Interest expense in the first quarter of 2010 was $2.0 million compared to $1.4 million in the
first quarter of 2009 an increase of $0.5 million, or 37.2 percent. The higher interest expense in
the 2010 period reflects an increase in interest rates attributable to the Companys June 2009 debt
amendments. The Company historically has not actively managed interest rate exposure on variable
rate debt or hedged its interest rate exposures. However, the Company is currently reviewing its
interest rate management policies and procedures to ascertain the merits of hedging its interest
rate exposures.
Income tax expense was at an effective tax rate of 44.6 percent and 23.5 percent for the first
quarters of 2010 and 2009, respectively.
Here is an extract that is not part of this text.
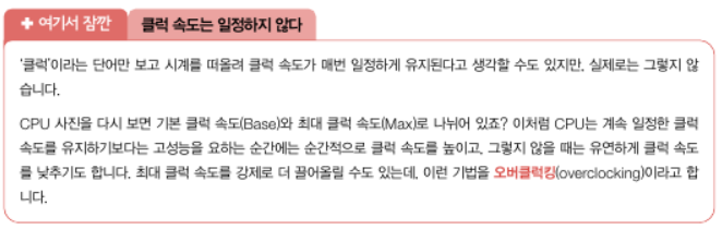 2)클럭 속도: 헤르츠(Hz) 단위를 사용. 1초에 클럭이 몇 번 반복되는지를 나타낸다.

The increase in the effective rate for 2010 compared to
2009 is primarily due to the pretax loss in the first quarter of 2009 and a higher proportion of
profits in higher-tax jurisdictions in the first quarter of 2010.
In the first quarter of 2010, the Company recorded net income of $2.5 million, as compared to a net
loss of $2.3 million for the same period of 2009.
Other Information
Depreciation and amortization expense was $4.5 million for the first quarter of 2010 as compared to
$4.8 million in the first quarter of 2009.
Capital expenditures in the first quarter of 2010 were $2.1 million compared to $1.2 million in the
same period of 2009.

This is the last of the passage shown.